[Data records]
§ §

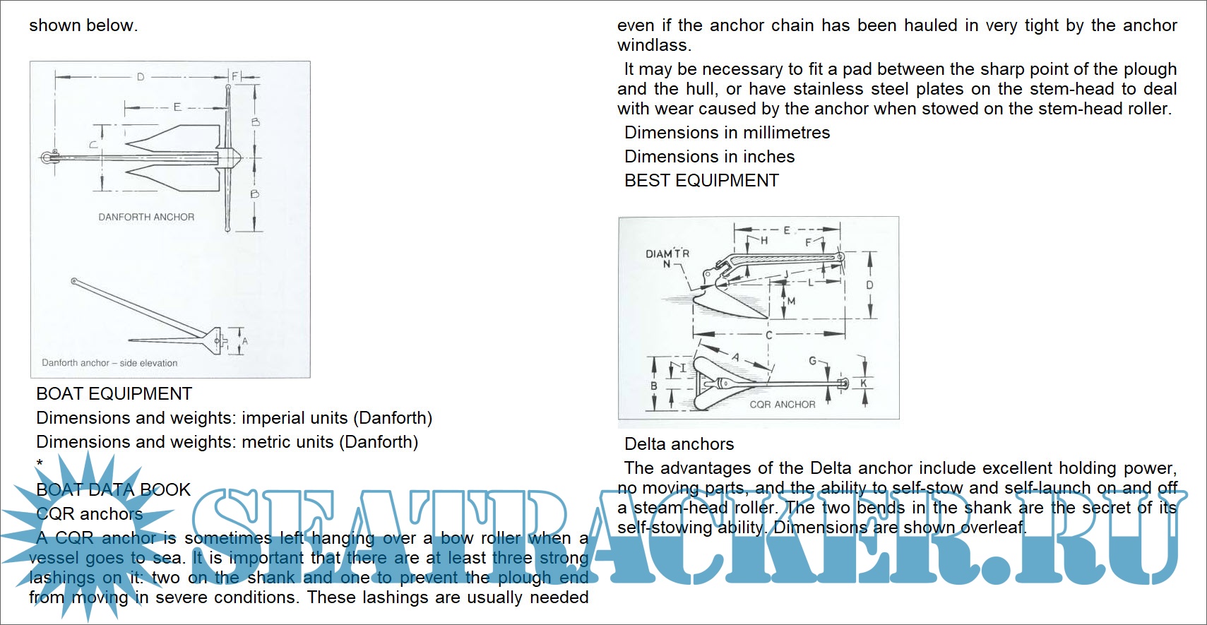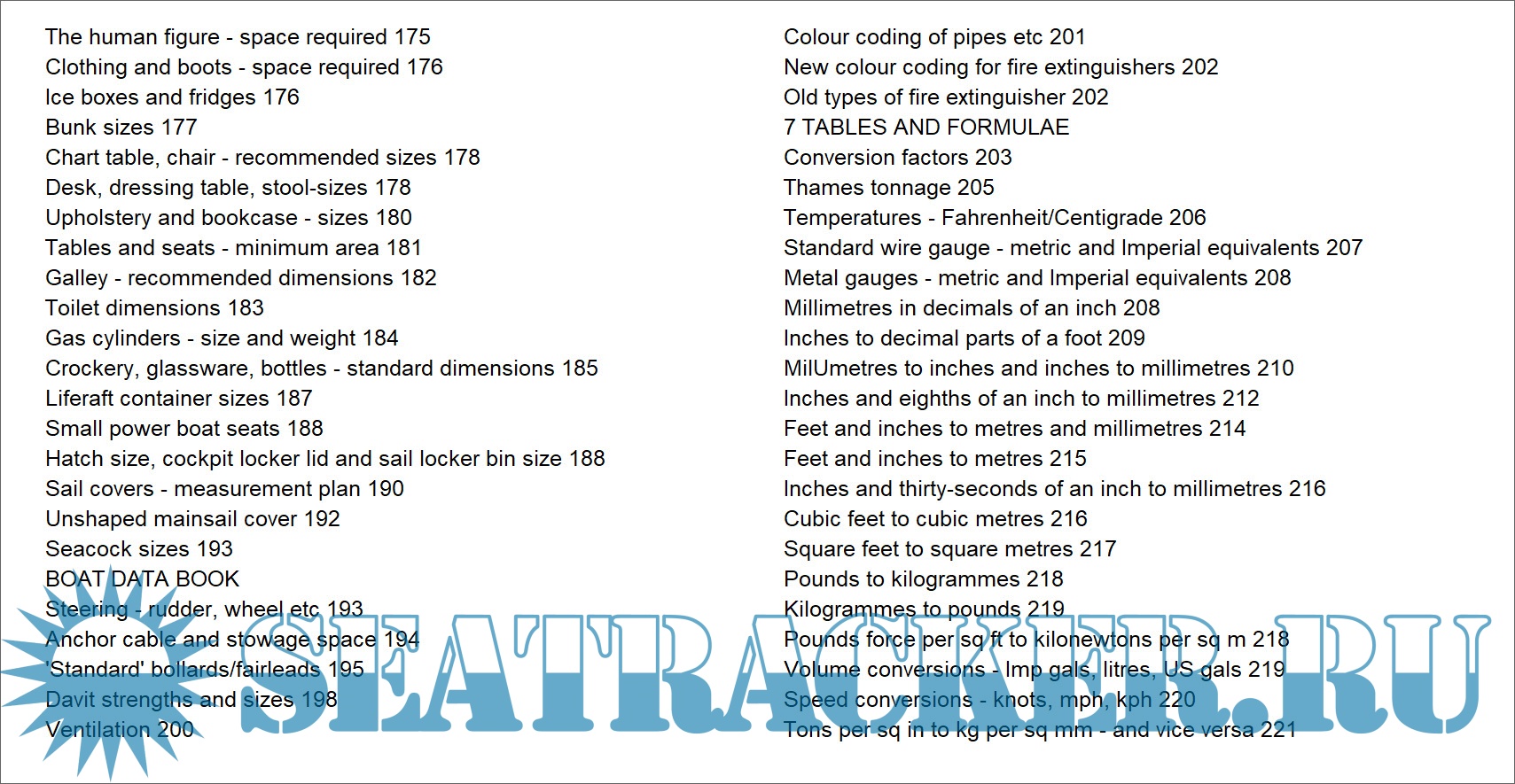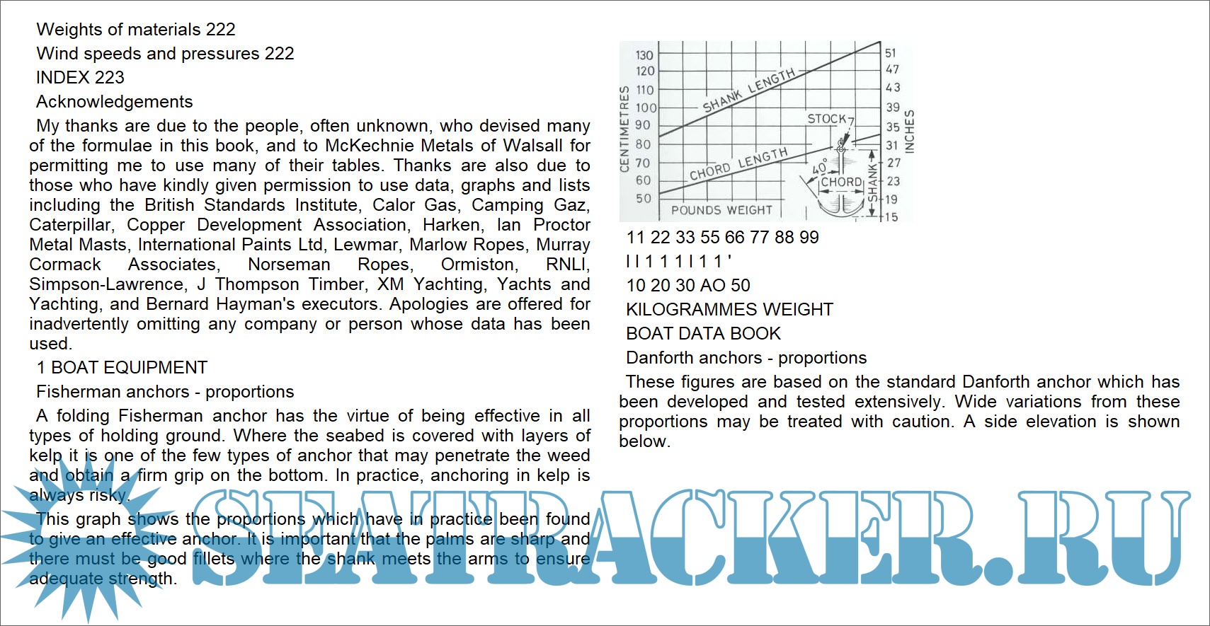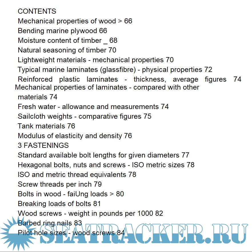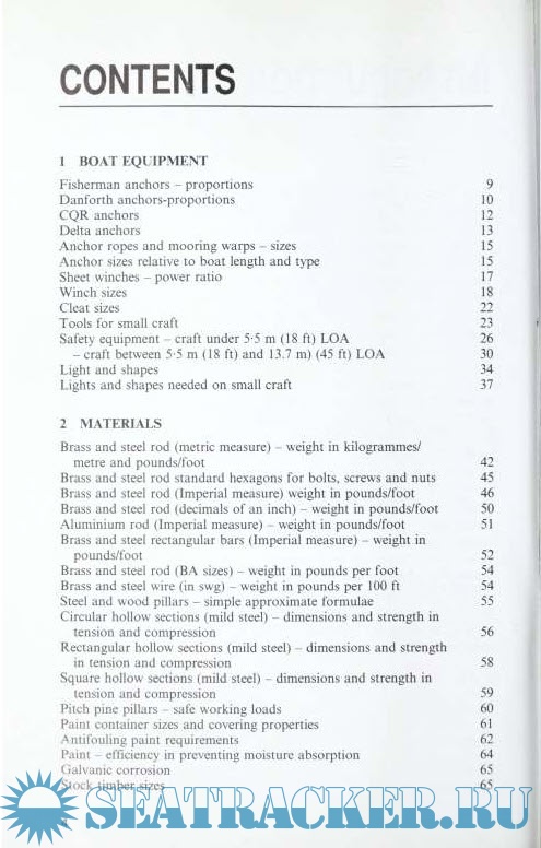 Year: 2004 Language: english Author: Ian Nicolson Genre: Guide Publisher: Sheridan House Edition: Fifth Edition Format: EPUB Quality: eBook Pages count: 287 Description: This book is for owners, crew, boatbuyers, charterers, chandlers, builders, repairers, designers, draughtsmen and students. In fact, for anyone concerned with boats and ships. One of its most valuable uses is saving time and trouble when specifying anything. By simply quoting a page anyone can order equipment without having to look up the correct size and write out lengthy details. An owner can phone a marina or chandler and simply say: Tut a new anchor on my boat. Size as specified in Boat Data Book\ Designers can reduce long lists of rigging to: 'As detailed in Boat Data Book, page 115, column for yachts between 9 m and 11 m\ Anyone buying a boat can check the standard of its equipment by referring to the hsts in this book. There is a widespread practice of fitting boats with totally inadequate anchors, chain, winches and so on. Many second-hand boats offered for sale are found to have inadequate safety gear, and much of what is on board is often out of date. Reference to pages 26 to 35 will show what is needed. When designing or acquiring a boat it is important to check dimensions of berths, galley top heights and so on. There is a tendency also to save on building costs by fitting furniture which is under-size and as a result inconvenient, besides being uncomfortable to use. Chapter 6 on Design gives many basic dimensions, standard, recommended minimum sizes and so on.
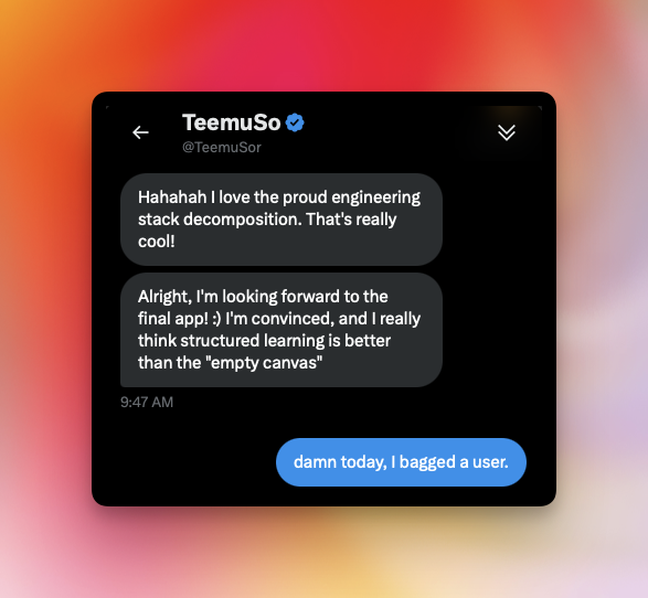 He is going to be the first external user <3 of @learni_app, please do DM me, and let's have conversation.
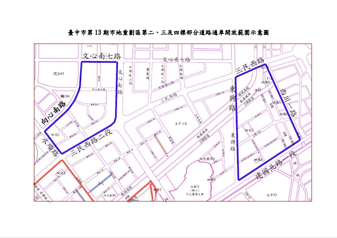 台中市第 13 期市地重劃區第二、三及四標部分道路通車開放範圍示意圖
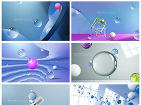 水泡水花化妆保养护肤品美妆几何创意元素海报模板PSD素材设计
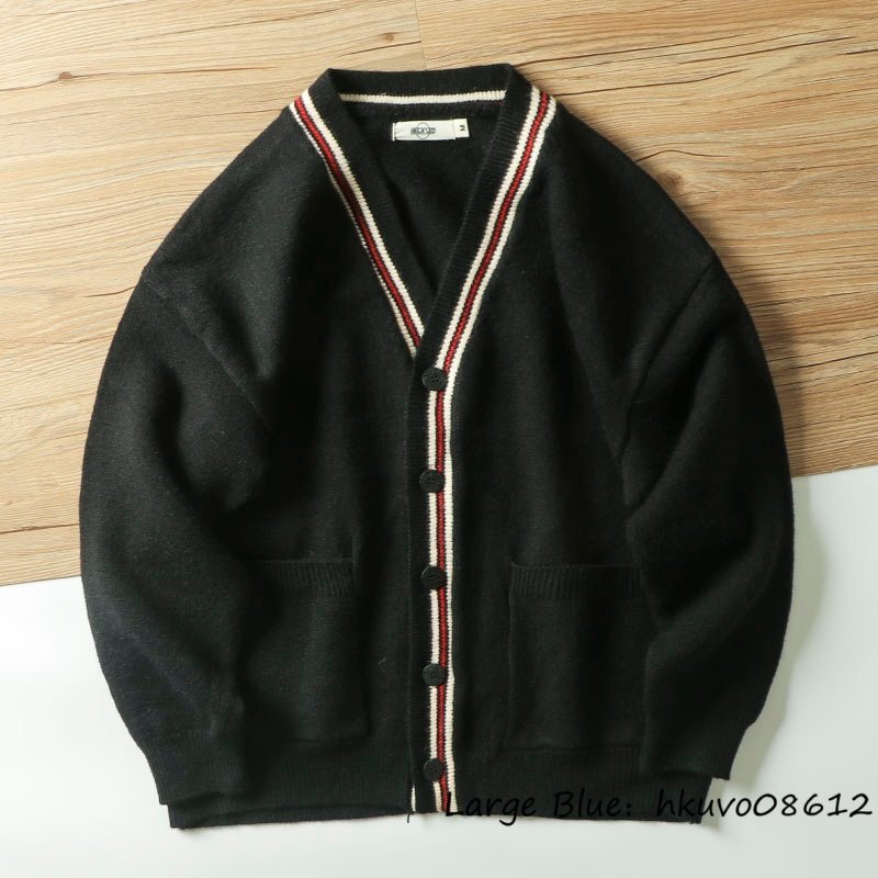 新品特売★メンズ カーディガン 秋冬 厚手 暖かさ ウール混 Vネック ニット セーター アウター 心地良し カジュアル トップス ブラック 4XL
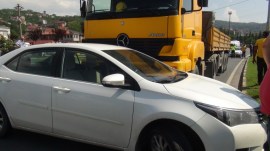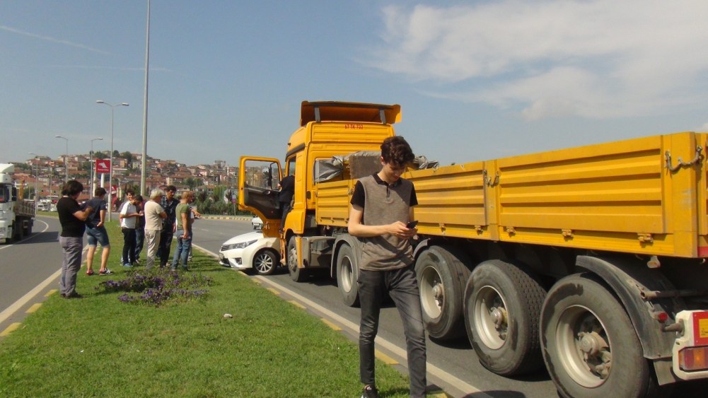 Zonguldak’ın Ereğli ilçesinde tırın altına giren otomobil yaklaşık 60 metre sürükledi. Kazada şans eseri yaralanan olmazken araçlarda maddi hasar oluştu.
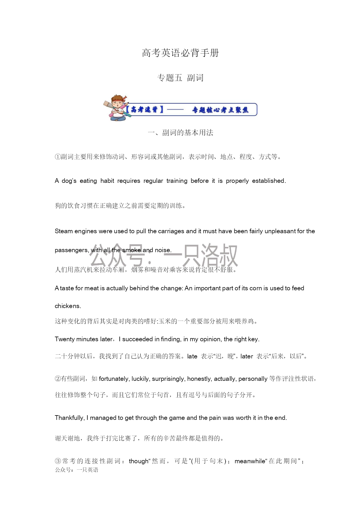 专题 05 高考英语语法【副词】核心考点聚焦 -高考英语必背手册.doc
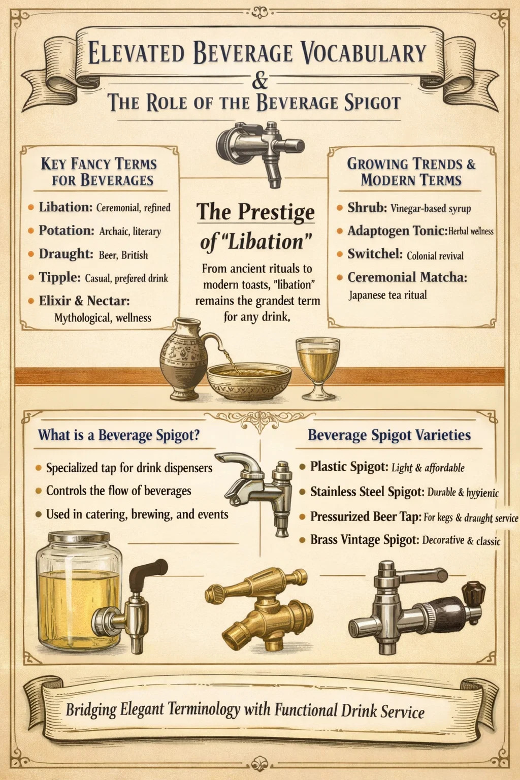 Svaki od ovih primjera pokazuje kako funkcionalna pića dobivaju otmjena imena kulturnim posuđivanjem, povijesnim oživljavanjem ili namjernim brendiranjem. Temeljni ljudski impuls - da uzdignemo ono što pijemo jezikom koji označava brigu, tradiciju ili sofisticiranost - ostaje konstantan čak i kada se specifične riječi mijenjaju. A na kraju svake takve evolucije uvijek postoji slavina za piće negdje, pretakanje pića iz posude u čašu, premošćivanje jaza između umijećenog lijevanja i zadovoljnog ispijača.

§ §

Instructions for the task → What you need to produce is an exact copy of the entries above, limited to the lines from the one with "He is going" up to and including the one with "专题 05 高考英语语法【副词】核心考点聚焦 -高考英语必背手册.doc", without pictures.

Solution for this problem →
 He is going to be the first external user <3 of @learni_app, please do DM me, and let's have conversation.
 台中市第 13 期市地重劃區第二、三及四標部分道路通車開放範圍示意圖
 水泡水花化妆保养护肤品美妆几何创意元素海报模板PSD素材设计
 新品特売★メンズ カーディガン 秋冬 厚手 暖かさ ウール混 Vネック ニット セーター アウター 心地良し カジュアル トップス ブラック 4XL
 Zonguldak’ın Ereğli ilçesinde tırın altına giren otomobil yaklaşık 60 metre sürükledi. Kazada şans eseri yaralanan olmazken araçlarda maddi hasar oluştu.
 专题 05 高考英语语法【副词】核心考点聚焦 -高考英语必背手册.doc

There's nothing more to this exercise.